Джей Сидни Джонс

Пустое зеркало

Посвящаю этот роман моей замечательной жене Келли Мей Юен, любимой родной душе, без которой ничто не имело бы смысла, и нашему четырехлетнему сыну Эвану, который щедро позволял мне отвлекаться от занятий с ним для работы над книгой.


БЛАГОДАРНОСТИ

Прежде всего я благодарю Александру Машинист, моего замечательного литературного агента. Со своими несравненными качествами — умом, твердостью характера, великолепной интуицией, решительностью и преданностью — она являет собой воплощенную мечту писателя. Следом аплодирую издателю Питеру Джозефу, чью поддержку я ощущал постоянно при работе над книгой. Благодарю и славную его помощницу Лорри Макканн за доброту и исполнительность. Большое спасибо редактору Стиву Болдту и старшему редактору Бобу Беркелу. Они в очередной раз доказали справедливость старинной мудрости, что успех большого дела зависит от мелочей. Моя начитанная и смекалистая дочка Тесс Джонс сильно поддержала меня в начале работы, как и мой лучший друг Аллен Аппель. И наконец, спасибо владельцу издательства Томасу Данну, который поверил в успех этой книги.

ЧАСТЬ ПЕРВАЯ

Истинную ненависть питают три источника: боль, зависть и любовь.

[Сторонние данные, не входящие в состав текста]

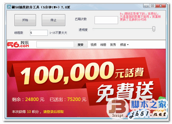 刷56抽奖积分工具是一款作弊刷56积分换话费,哈哈,亲们有福了,5分钟可以刷1W以上积分啊,嘿嘿,亲们也知道积分多了可以干嘛,我想你们比我更懂哦!...
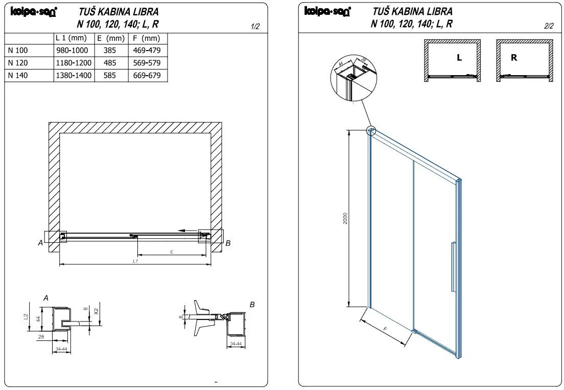 Душевая дверь Kolpa-San LIBRA N 100 L профиль черный, стекло прозрачное 517470
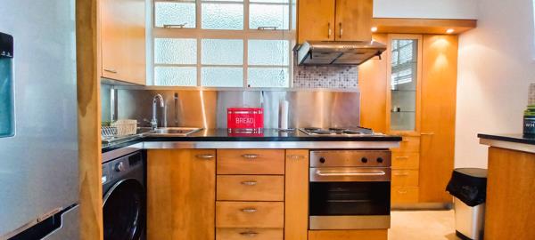The kitchen has a hob and under counter oven, extractor fan, granite counter tops, will fit a single door fridge, including place for your washing machine. There are sufficient cupboards which allows for easy storage.

Д-р Ганс Гросс, «Психология преступления»

ПРОЛОГ

Она торопливо шагала по темной булыжной мостовой, с досадой перебирая в памяти недавние неудачи. Сама виновата! Зачем, спрашивается, связалась с этим напыщенным актеришкой Жирарди. Ведь Митци, лучшая подруга, давно советовала бросить его и попробовать забраться в постель к Климту. Что было бы, наверное, не сложно. И вот теперь этот никчемный парень, совершенная размазня, выставил ее. У него, видите ли, с утра важная репетиция перед премьерой. И в довершение всего она опоздала на последний трамвай. Ну как тут не расстраиваться.

Мужчина на углу Кёрнтнер-штрассе и Грабен,[Грабен — знаменитая торговая улица Вены. — Здесь и далее примеч. пер.] тронув пальцами край шляпы, вежливо осведомился:

— Сколько?

Вообще-то его ошибка понятна. Приличную девушку, одну, так поздно (в десять тридцать) на улице не встретишь. К тому же на этом перекрестке предлагала себя половина шлюх Вены. Но все равно, кому понравится, если тебя приняли за проститутку. Поэтому она, расстроившись, тут же свернула в темный переулок за собором Святого Штефана.[Кафедральный собор Святого Штефана — визитная карточка Вены, для австрийцев значит то же самое, что для французов Нотр-Дам.] Решила, что так быстрее доберется до пансиона, где снимала квартиру.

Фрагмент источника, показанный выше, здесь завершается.